**HOW TO COMPLETE THIS TASK**
Keep the images out while you set down the data exactly.

**SOURCE MATERIAL**
--

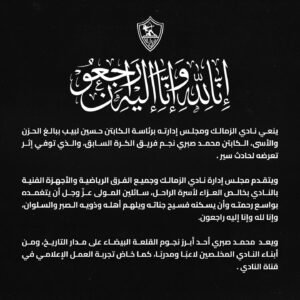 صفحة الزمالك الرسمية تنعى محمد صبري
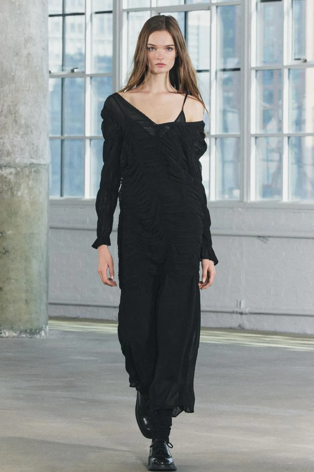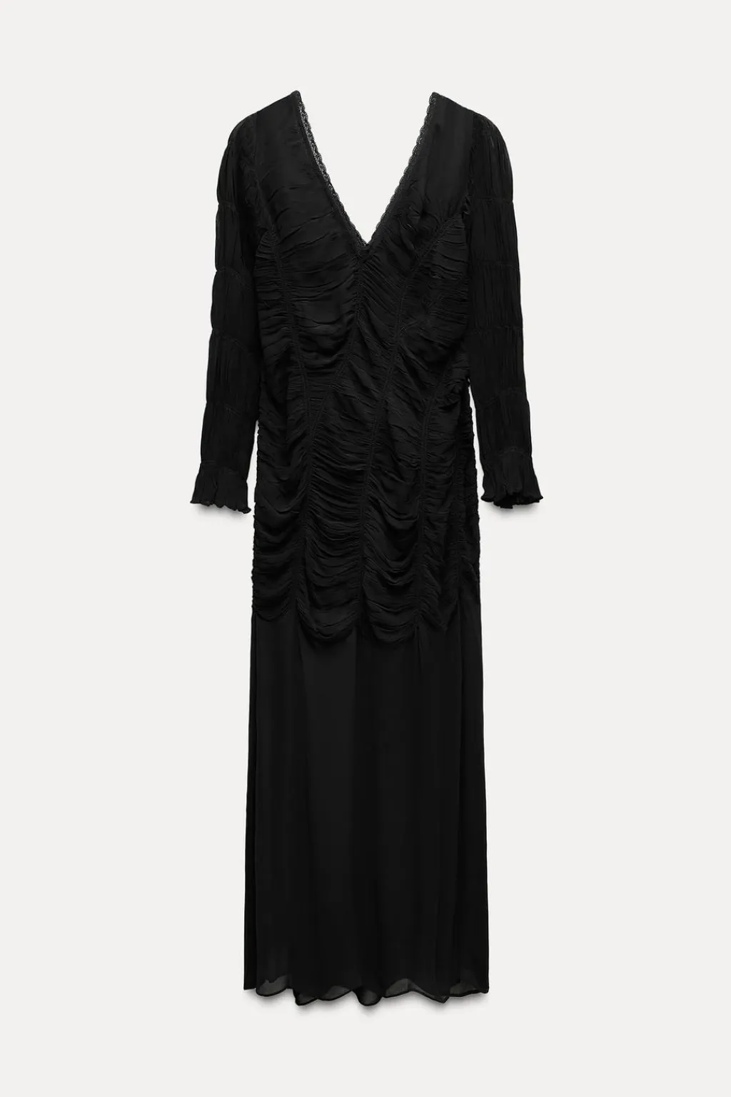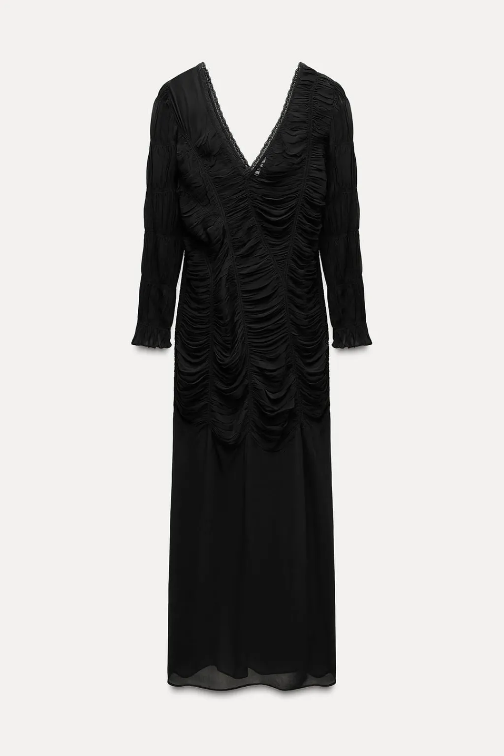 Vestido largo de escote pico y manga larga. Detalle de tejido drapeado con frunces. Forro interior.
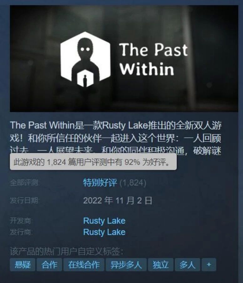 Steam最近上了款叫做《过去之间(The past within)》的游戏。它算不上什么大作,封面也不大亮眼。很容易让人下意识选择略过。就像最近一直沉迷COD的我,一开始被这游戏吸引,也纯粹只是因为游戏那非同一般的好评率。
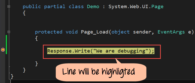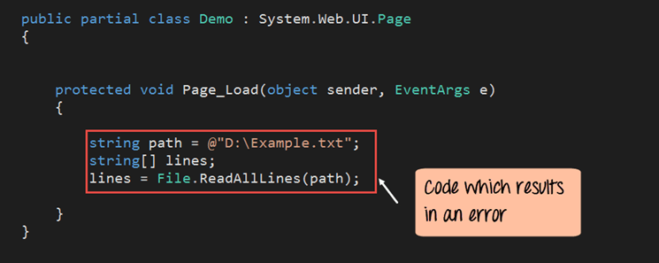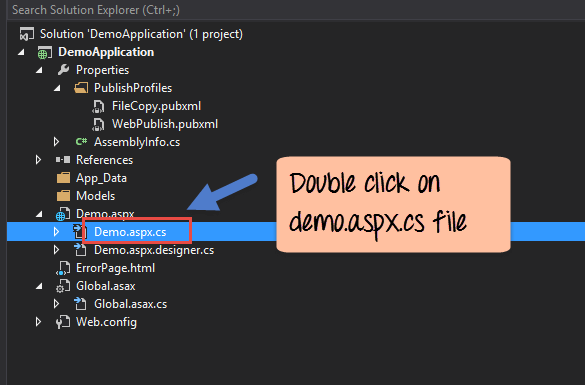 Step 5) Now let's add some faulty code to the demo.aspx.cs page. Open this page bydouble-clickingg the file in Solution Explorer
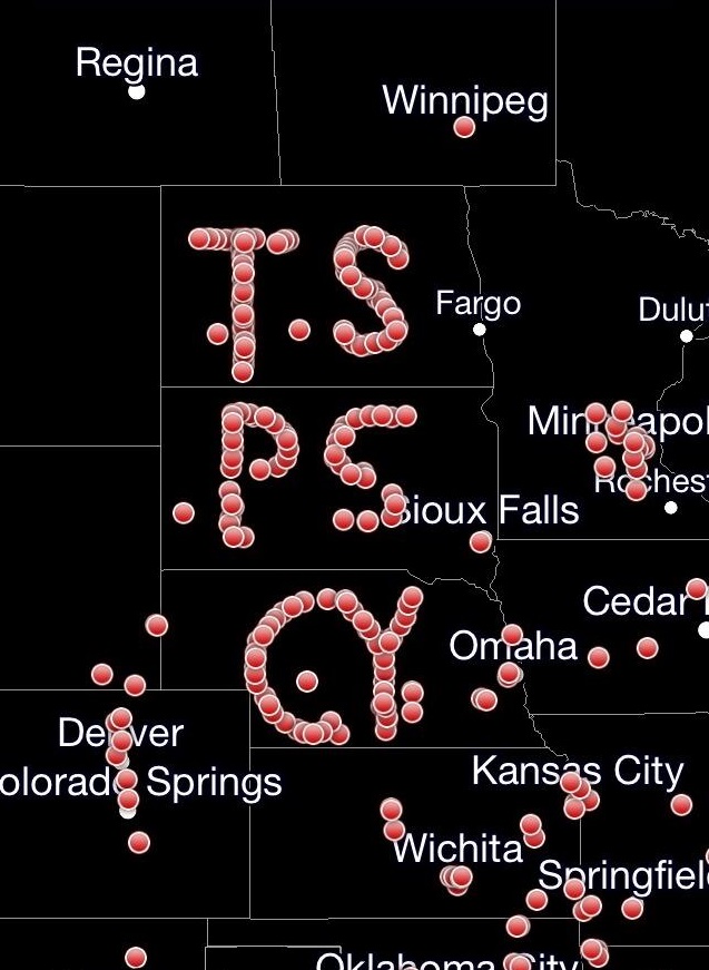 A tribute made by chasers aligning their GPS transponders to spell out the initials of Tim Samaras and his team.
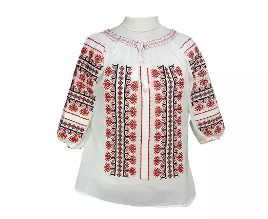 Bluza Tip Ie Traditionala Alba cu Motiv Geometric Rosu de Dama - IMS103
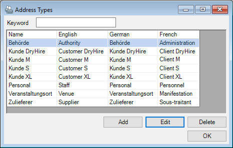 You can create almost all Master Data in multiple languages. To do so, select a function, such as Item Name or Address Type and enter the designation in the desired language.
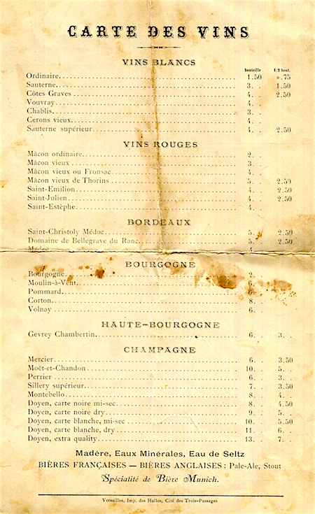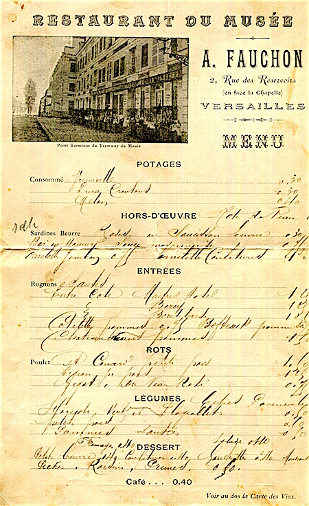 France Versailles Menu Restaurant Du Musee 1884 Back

--

**EXERCISE RESPONSE**
 صفحة الزمالك الرسمية تنعى محمد صبري
 Vestido largo de escote pico y manga larga. Detalle de tejido drapeado con frunces. Forro interior.
 Steam最近上了款叫做《过去之间(The past within)》的游戏。它算不上什么大作,封面也不大亮眼。很容易让人下意识选择略过。就像最近一直沉迷COD的我,一开始被这游戏吸引,也纯粹只是因为游戏那非同一般的好评率。
 Step 5) Now let's add some faulty code to the demo.aspx.cs page. Open this page bydouble-clickingg the file in Solution Explorer
 A tribute made by chasers aligning their GPS transponders to spell out the initials of Tim Samaras and his team.
 Bluza Tip Ie Traditionala Alba cu Motiv Geometric Rosu de Dama - IMS103
 You can create almost all Master Data in multiple languages. To do so, select a function, such as Item Name or Address Type and enter the designation in the desired language.
 France Versailles Menu Restaurant Du Musee 1884 Back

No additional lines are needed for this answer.